Concurrently, SenseTime is committed to promoting AI infrastructure and open-source ecosystems, working alongside developers to drive the prosperous development of the AI community. Their open-source platform, OpenMMLab, is extremely popular on GitHub and has received over 87,000 stars since its launch in 2018. SenseTime’s open-source projects have expanded into various domains, including decision intelligence, large language models, extended reality, data platforms, high-performance training and inference frameworks, and AI intelligent agent frameworks. These projects provide the comprehensive support needed to make novel breakthroughs in academic research and industrial implementation.

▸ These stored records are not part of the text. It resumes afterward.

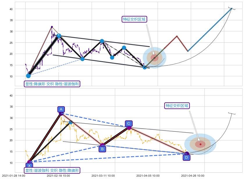 ➢ 降旗形与谐波伽利信号事件周期长度级别相同,同周期信号事件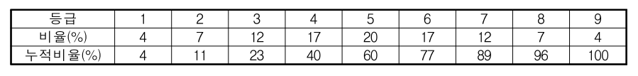 등급은 표준점수를 기준으로 나타내는데요, 수험생의 상위 4%까지를 1등급, 그 다음 7%를 2등급으로 하여 순차적으로 등급을 부여하는 것입니다. 정수화된 표준점수에 근거하여 백분위를 산출하고 소수 첫째자리에서 반올림한 정수로 표기하게 됩니다.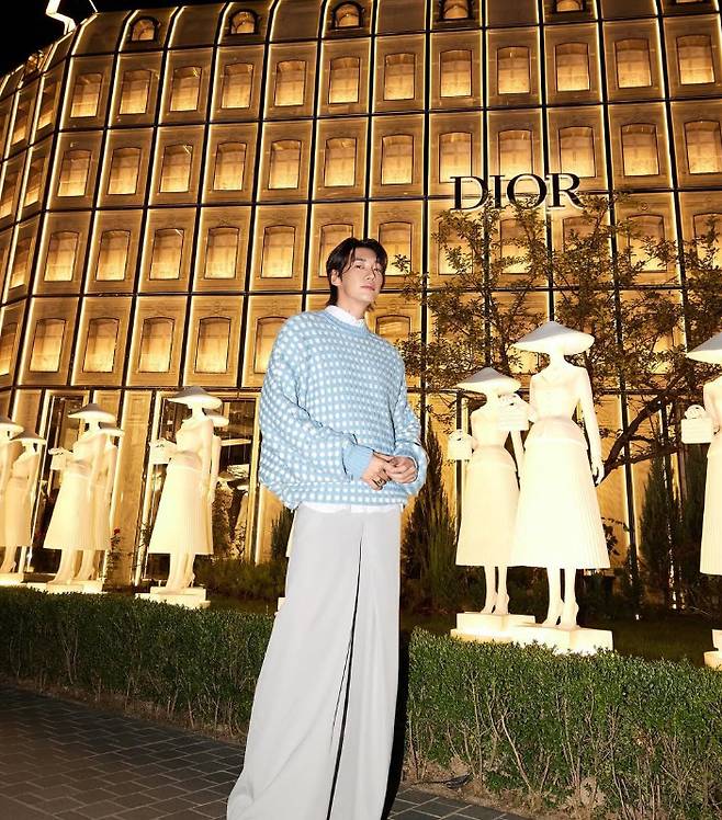 최근 열린 디올 공식 행사에서는 화이트 셔츠에 스카이블루 계열의 니트, 통이 넓은 바지, 웨이브진 헤어스타일로 세련되고 화사한 캐주얼룩을 선보였다.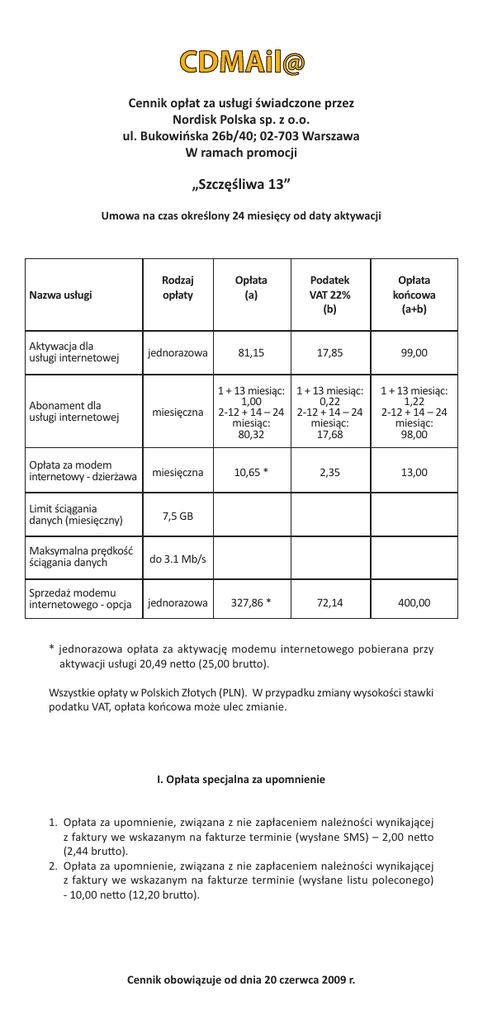 Cennik opłat za usługi świadczone przez Nordisk Polska sp. z o.o. ul. Bukowińska 26b/40; 02-703 Warszawa W ramach promocji „Szczęśliwa 13” Umowa na czas określony 24 miesięcy od daty aktywacji Rodzaj opłaty Opłata (a) Podatek VAT 22% (b) Opłata końcowa (a+b) Aktywacja dla usługi internetowej jednorazowa 81,15 17,85 99,00 Abonament dla usługi internetowej miesięczna Opłata za modem internetowy - dzierżawa miesięczna Nazwa usługi Limit ściągania danych (miesięczny) 1 + 13 miesiąc: 1 + 13 miesiąc: 1,00 0,22 2-12 + 14 – 24 2-12 + 14 – 24 miesiąc: miesiąc: 80,32 17,68 1 + 13 miesiąc: 1,22 2-12 + 14 – 24 miesiąc: 98,00 10,65 * 2,35 13,00 327,86 * 72,14 400,00 7,5 GB Maksymalna prędkość ściągania danych do 3.1 Mb/s Sprzedaż modemu internetowego - opcja jednorazowa * jednorazowa opłata za aktywację modemu internetowego pobierana przy aktywacji usługi 20,49 ne.o (25,00 bru.o). Wszystkie opłaty w Polskich Złotych (PLN). W przypadku zmiany wysokości stawki podatku VAT, opłata końcowa może ulec zmianie. I. Opłata specjalna za upomnienie 1. Opłata za upomnienie, związana z nie zapłaceniem należności wynikającej z faktury we wskazanym na fakturze terminie (wysłane SMS) – 2,00 ne.o (2,44 bru.o). 2. Opłata za upomnienie, związana z nie zapłaceniem należności wynikającej z faktury we wskazanym na fakturze terminie (wysłane listu poleconego) - 10,00 ne.o (12,20 bru.o). Cennik obowiązuje od dnia 20 czerwca 2009 r. Regulamin Promocji „Szczęśliwa 13” §1 Opis promocji 1. Promocja „Szczęśliwa 13” jest organizowana przez firmę Nordisk Polska sp. z o.o. z siedzibą w Warszawie ul. Bukowińska 26b i obejmuje nowych Abonentów, którzy będą korzystali z usług internetowych. 2. Czas trwania Promocji: od 20 czerwca 2009 do 30 listopada 2009 lub do wyczerpania zapasów. 3. W ramach Promocji „Szczęśliwa 13” Abonent może skorzystać z pakietu, który zawiera określone warunki zamieszczone w cenniku promocji.ślone warunki zamieszczone w cenniku promocji. §2 Zasady korzystania z promocji 1. Pakiet promocyjny może być aktywowany u Abonenta, który spełnieni warunki zawarte w Regulaminie Świadczenia Usług Telekomunikacyjnych będącym integralną częścią Promocji „Szczęśliwa 13” oraz warunki wskazane w niniejszym Regulaminie. 2. Pakiet promocyjny obowiązuje przy umowie zawartej na okres 24 pełnych miesięcznych okresów rozliczeniowych. 3. W przypadku jednostronnego rozwiązania umowy promocyjnej przez Abonenta lub Operatora z winy Abonenta przed upływem okresu na jaki została zawarta umowa, Abonent traci wszelkie korzyści wynikające z Promocji. Abonent zobowiązany będzie ponadto do uiszczenia na rzecz Operatora opłaty w wysokości ulgi przyznanej Abonentowi w ramach Promocji (różnica pomiędzy opłatami wynikającymi z cennika podstawowego dla usługi i opłatami wynikającymi z cennika promocji), pomniejszonej o proporcjonalną jej wartość za okres od dnia zawarcia umowy do dnia jej rozwiązania. 4. Operator przyznaje Abonentowi ulgę w płatnościach na czas 24 pełnych cykli rozliczeniowych w wysokości określonej w Umowie, pod warunkiem terminowego regulowania przez Abonenta wszystkich zobowiązań pieniężnych względem Operatora, które wynikają z Umowy. Abonent traci prawo do ulgi - proporcjonalnie za dany okres rozliczeniowy, za który nie uiścił opłaty w terminie. Operator, na umotywowany wniosek Abonenta, może przywrócić ulgę w dotychczasowej lub niższej wysokości. 5. Operator zastrzega sobie prawo ograniczenia prędkości ściągania danych w przypadku przekroczenia przez Abonenta miesięcznego limitu ściągania danych. 6. Po upływie 24 miesięcy od daty aktywacji modem internetowy przechodzi na własność Abonenta, chyba że umowa została wcześniej rozwiązana. W przypadku skorzystania z kolejnej promocji (minimum 12-to miesięcznej) z pakietu zaoferowanego w momencie zakończenia umowy, Abonentowi przysługuje prawo do wniesienia obniżonej opłaty aktywacyjnej nowej usługi w wybranej promocji w wysokości 1,00 PLN brutto (jeden 00/100 PLN). §3 Reklamacje 1. Reklamacje w trakcie trwania promocji „Szczęśliwa 13” mogą być składane w trybie przewidzianym w Regulaminie Świadczenia Usług Telekomunikacyjnych. 2. Złożenie reklamacji nie wstrzymuje obowiązku zapłaty za fakturę. §4 Postanowienia końcowe 1. Opłata za upomnienie, związana z nie zapłaceniem należności wynikającej z faktury w terminie (wysłanie SMS) – 2,00 netto (2,44 brutto). 2. Opłata za upomnienie, związana z nie zapłaceniem należności wynikającej z faktury w terminie (wysłanie listu poleconego) – 10,00 netto (12,20 brutto). 3. W sprawach nieuregulowanych niniejszym Regulaminem zastosowanie znajdują zapisy Regulaminu Świadczenia Usług Telekomunikacyjnych. W razie rozbieżności w postanowieniach Regulaminu Promocji „Szczęśliwa 13” i Regulaminu Świadczenia Usług Telekomunikacyjnych, pierwszeństwo stosowania znajdują postanowienia Regulaminu Promocji „Szczęśliwa 13” 4. W przypadku zmiany Regulaminu, Abonent zostanie poinformowany na piśmie. 5. W przypadku opóźnienia lub niezrealizowania płatności zgodnie z terminami wskazanymi na fakturach Operator zastrzega sobie prawo przekazania danych abonenta do firmy windykacyjnej w celu uzyskania zaległej płatności. 6. Po upływie 24 miesięcy od daty aktywacji usługi, jeżeli Abonent nie skorzysta z innej promocji, obowiązującej w momencie zakończenia obecnej Promocji, promocja ta zostaje automatycznie przedłużona na kolejne 24 miesiące.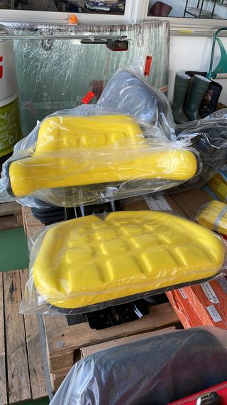 Asiento de tractor John Deere de color amarillo. En PVC - Diseño ergonómico. - Material resistente.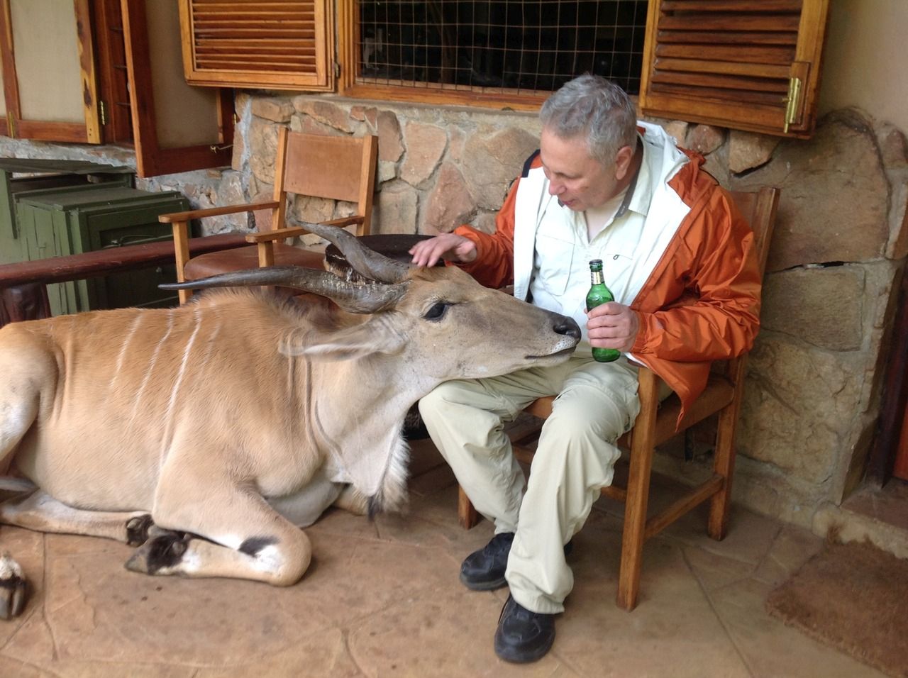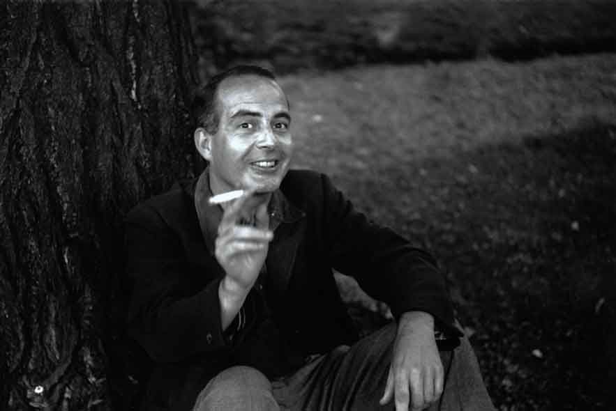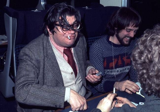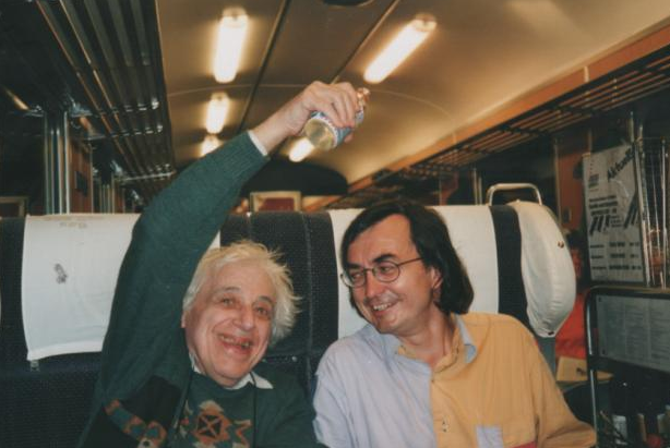 György Ligeti pouring water on Pierre-Laurent Aimard on a train.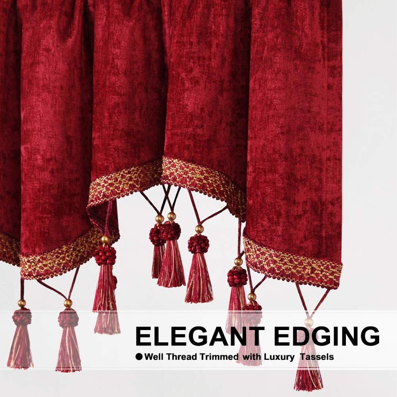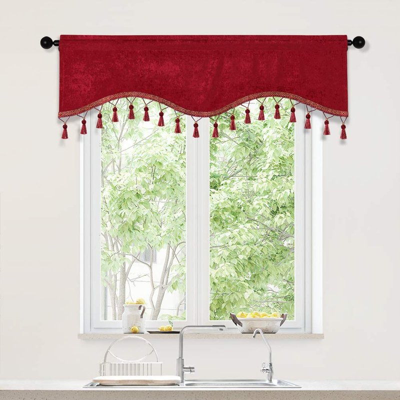 ELKCA Double-Sided Chenille Window Curtains Tier for Kitchen Burgundy Red Scalloped Valance for Living Room,Pack of 1(Burgundy Red, 52" W x 18" L)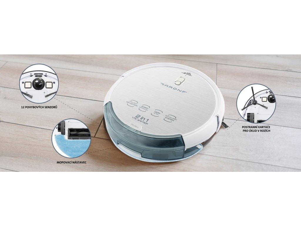 Pokud nechcete věnovat svůj volný čas jen úklidu domácnosti, sáhněte po robotickém vysavači ETA Aron 2 v 1, který vysává i vytírá a je vybaven SMART aplikací. Díky gyroskopické navigaci se dobře orientuje v prostoru a volí optimální trasu pro dosažení efektivního úklidu. Jeho vysoký sací výkon zabezpečuje moderní digitální motor s extra dlouhou životností. Trojnásobná filtrace s HEPA filtrem zachytí i nejmenší nečistoty a prachové částice. Oceníte také jeho dlouhou dobu provozu až 120 minut, během které se bude samostatně věnovat úklidu.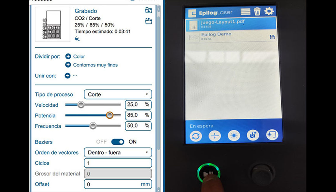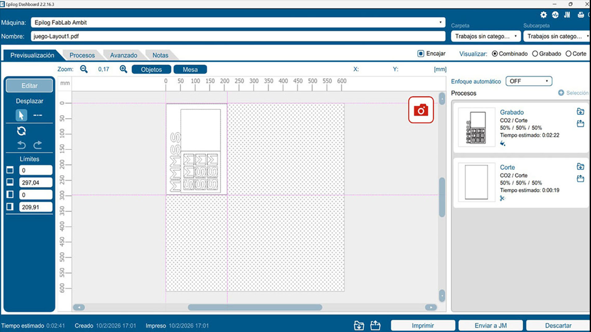 For the material, I chose to work with recycled corrugated cardboard, aligning with the sustainable spirit of the project. I configured the laser for a vector-only cut—skipping engraving to keep the design clean and bold—using settings of 80% Power, 25% Speed, and 50% Frequency. However, the beauty of recycled material comes with its own set of challenges; due to the inconsistent density of the salvaged sheets, the laser didn't always penetrate the core perfectly. This required a patient, hands-on approach to manually separate the pieces from the center of the board, a reminder that digital precision must always account for the "imperfections" of real-world materials. Finally, after a quick assembly using glue to reinforce the structure, the game was ready. Seeing the children immediately claim the "M" and "S" pieces and start their match was the ultimate validation. It wasn't just a technical success; it was a functional piece of microarchitecture that facilitated an instant, joyful connection between two players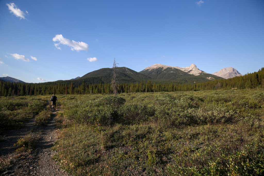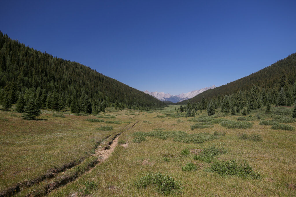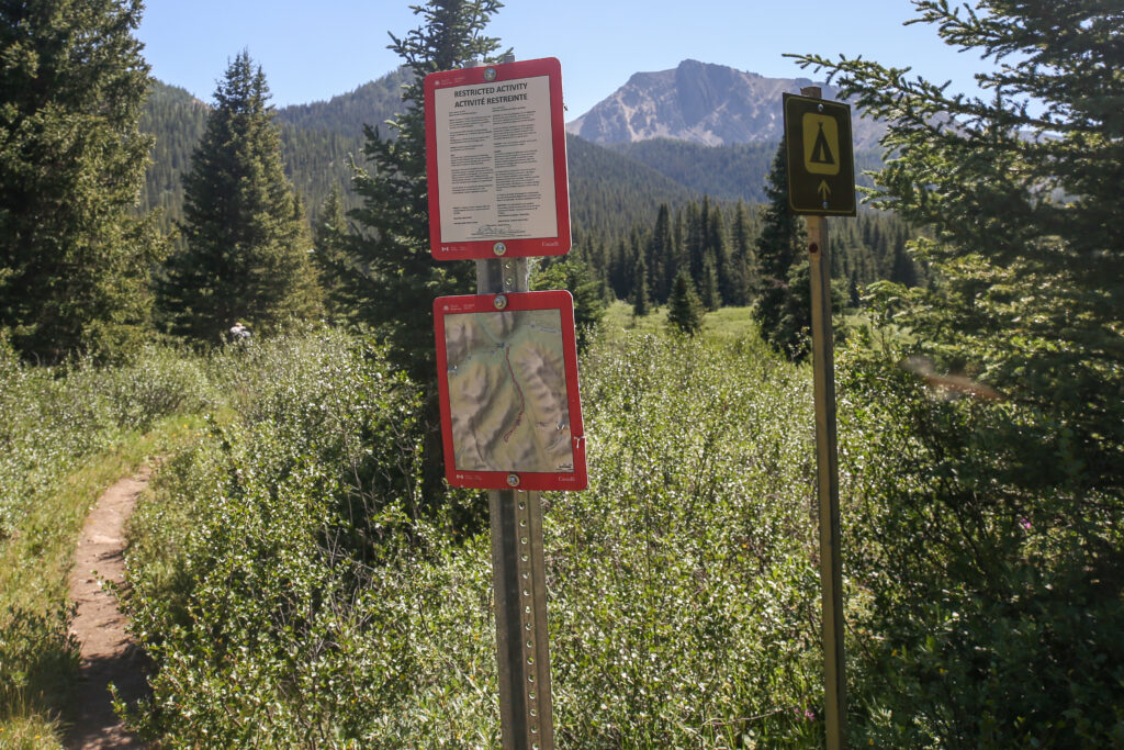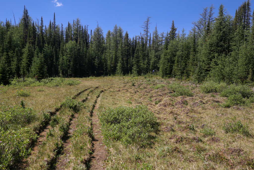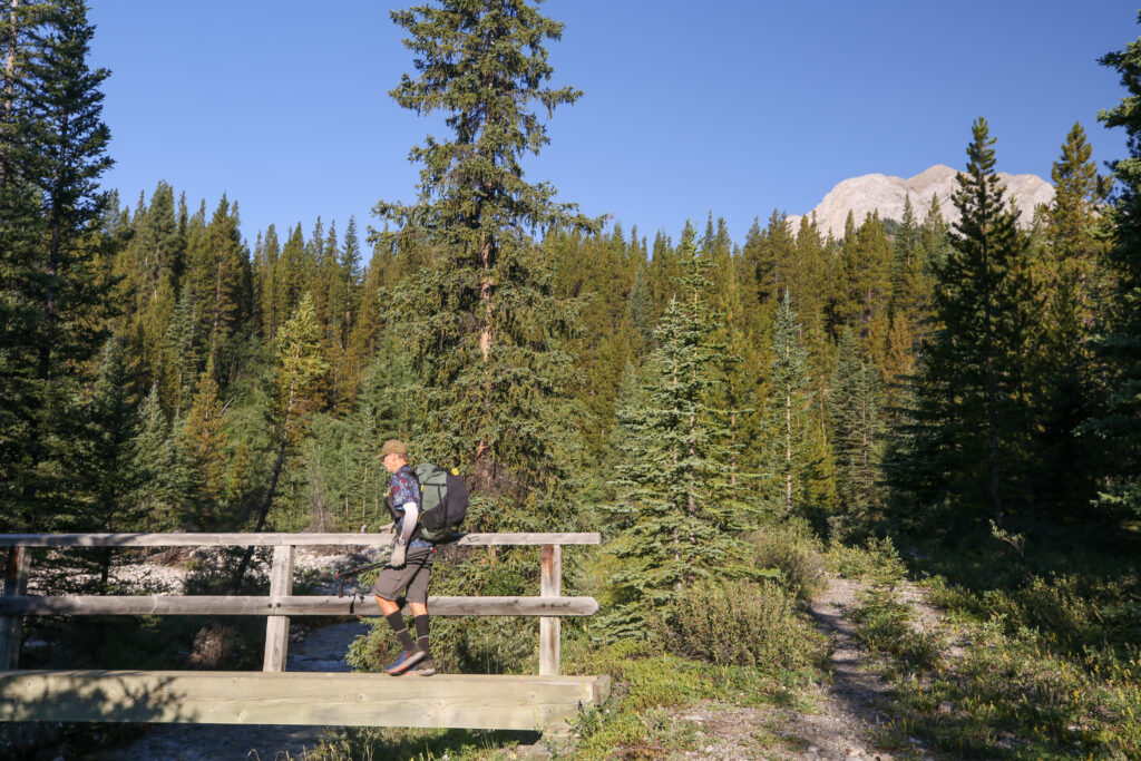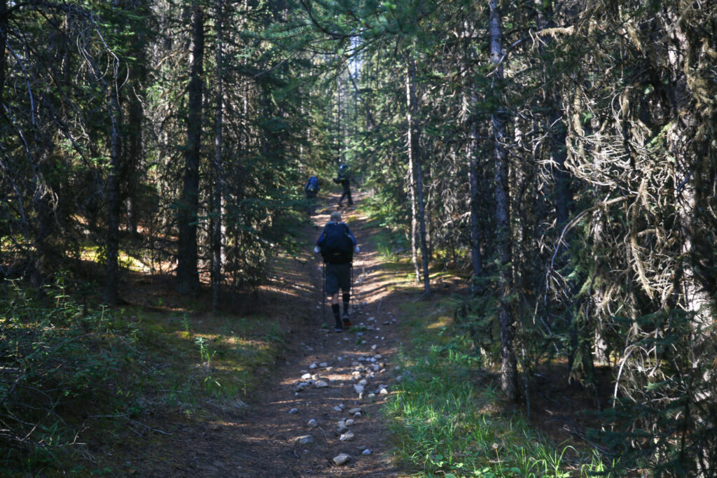 The main trail walks through a wide meadow for a couple of kilometres before reentering the forest. Shortly after entering the forest we quickly came upon a short but very sharp descent down to the outlet creek from Sawback Lake. The trail dropped 100 m in just 1/2 a km on very gravelly footing. After arriving at a nice bridge across the creek it was a short rise up to the campground trail.

Specifically, SenseTime's collaboration with the Joint Lab has resulted in the development of InternLM, a large language model (LLM) that has made a remarkable impact on the open-source community and industry. The latest InternLM-20B model offers advanced performance and convenient application, achieving comparable capabilities to the benchmark Llama2-70B model with less than one-third of the parameters.
Adhering to the principles of openness in development, SenseTime, along with its industry partners, eagerly embraces the new wave of technological revolution in large models. By enabling AI technology to unleash broader industrial value, SenseTime aims to contribute to the advancement of AI and its practical applications.